Sauryang Kim1, Jae Woong Yang1, Chungho Kim2, Moon Gyo Kim1,3

1Inha University, Department of Biological Sciences, Incheon, Republic of Korea

2Department of Life Sciences, Korea University, Seoul, Republic of Korea

3Convergent Research Institute for Metabolism and Immunoregulation, Incheon, Republic of Korea

Correspondence to:

Moon Gyo Kim, email: [email protected]

Keywords: ST14, Prss14, epithin, breast cancer, epithelial mesenchymal transition (EMT)
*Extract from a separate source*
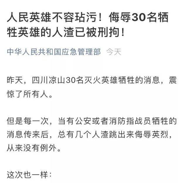 4月2日深夜,应急管理部官微罕见发文怒斥“人渣”,“人民英雄不容玷污!侮辱30名牺牲英雄的人渣已被刑拘!”文章标题语气异常严厉。
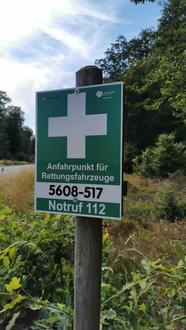 Im Hinblick auf die Örtlichkeit können die Rettungspunkte im Wald (der Rettungskette Forst) - grünes Schild mit weißem Kreuz und zwei Nummern - zur schnellen Auffindung des Gefahrenpunktes eine wertvolle Hilfe sein. Sie befinden sich gut sichtbar an wichtigen Punkten im und am Waldrand die zunächst gut erreichbar sind.

Received: January 18, 2016     Accepted: April 16, 2016     Published: May 04, 2016

ABSTRACT

To elucidate the role of a type II transmembrane serine protease, ST14/Prss14, during breast cancer progression, we utilized publically accessible databases including TCGA, GEO, NCI-60, and CCLE. Survival of breast cancer patients with high ST14/Prss14 expression is significantly poor in estrogen receptor (ER) negative populations regardless of the ratios of ST14/Prss14 to its inhibitors, SPINT1 or SPINT2. In a clustering of 1085 selected EMT signature genes, ST14/Prss14 is located in the same cluster with CDH3, and closer to post-EMT markers, CDH2, VIM, and FN1 than to the pre-EMT marker, CDH1. Coexpression analyses of known ST14/Prss14 substrates and transcription factors revealed context dependent action. In cell lines, paradoxically, ST14/Prss14 expression is higher in the ER positive group and located closer to CDH1 in clustering. This apparent contradiction is not likely due to ST14/Prss14 expression in a cancer microenvironment, nor due to negative regulation by ER. Genes consistently coexpressed with ST14/Prss14 include transcription factors, ELF5, GRHL1, VGLL1, suggesting currently unknown mechanisms for regulation. Here, we report that ST14/Prss14 is an emerging therapeutic target for breast cancer where HER2 is not applicable. In addition we suggest that careful conclusions should be drawn not exclusively from the cell line studies for target development.